Derek de Laat

Which patent monetisation deal that you have worked on are you most proud of and why?

Throughout my career specialising in IP licensing and finance, I have facilitated numerous notable deals working at Rockstar Consortium, BlackBerry, WiLAN and FIN IP Group. My work on M&A transactions, patent acquisitions/divestitures and licensing has honed my valuation and licensing expertise and expanded my network in the IP community.

Every deal has unique significance. I take pride in our firm’s work to support clients in closing their own deals and maximising the value of their intellectual property. We have helped facilitate over US$250 million in deals in the last year alone. We help clients to develop or fine tune their programme royalty rates, build new licensing programmes, value their intellectual property, determine licensing strategies and build out internal processes related to deal tracking and structure. Achieving results for them is the most rewarding part of my job.

You have over a decade of experience negotiating complex global IP deals. What common mistakes do parties make when embarking on negotiations – and how can they avoid them?

Complex global IP deals require rigorous financial analysis, which is glossed over too often. It is essential to have an expert partner to help increase the sophistication of economic analysis and mitigate errors throughout the transaction process.

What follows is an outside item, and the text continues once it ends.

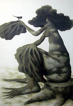 '숲의 노래'에선 새의 부리를 흉내낸 입술로 새와 대화하는 여인이 등장한다. 식물로 의인화된 풍만한 여체의 다감하고 따뜻한 시선이 현실의 고달픔을 껴앉는다.
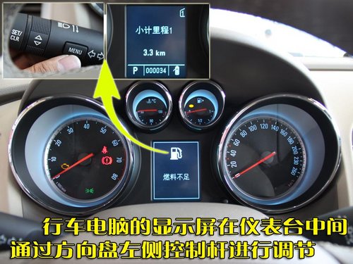 英朗GT的駕駛員信息系統與雪佛蘭科魯茲、英朗XT、別克新君威沒有什么不同,從顯示器部分到位于方向盤左側控制桿的按鈕部分,都完完全全是零件共用背景下的產物。

Parties usually invest significantly in the legal and technical aspects of an IP deal but fail to allocate sufficient resources to crucial financial analysis required for running successful monetisation programmes. Examples of errors I see include:

  • royalty rates that are chosen based on personal heuristics rather than pragmatism;
  • business case analyses that are conducted in haste and not reviewed by peers or third-party experts; and
  • economic presentations that are poorly thought out and presented and fail to understand the adversarial party’s position.

These factors can all lead to deal hold-out as neither party is able to appreciate or fully understand the deal’s value. It is especially vital as a licensor to put yourself in the licensee’s shoes and vice versa.

Our team works hard to help clients overcome these pitfalls. We have a structured approach to identifying the most accurate royalty bases, developing defensible rates, structuring effective terms and presenting in a concise, professional manner. A rigorous and thorough financial analysis benefits all stakeholders and should be a crucial element of every deal.

What, for you, are the most important steps of any intangible asset valuation process?

In valuation, choosing and applying the right valuation drivers and assumptions is critical. Mistakes often arise from an IP valuator’s lack of understanding and experience and can yield unreliable results. I see grievous errors in valuations resulting from the use of inputs that are not well understood. Actual examples that we have seen include the use of transactions with significant encumbrances as comparable transactions, application of out-of-date or irrelevant royalty rates and incorrect adjustment for foreign jurisdictions. Without experience and daily immersion in IP licensing, valuators are unable to reflect the realities of the industry in their inputs and therefore fail to appropriately value the intellectual property.

You have extensive experience of IP monetisation – how have attitudes to this shifted?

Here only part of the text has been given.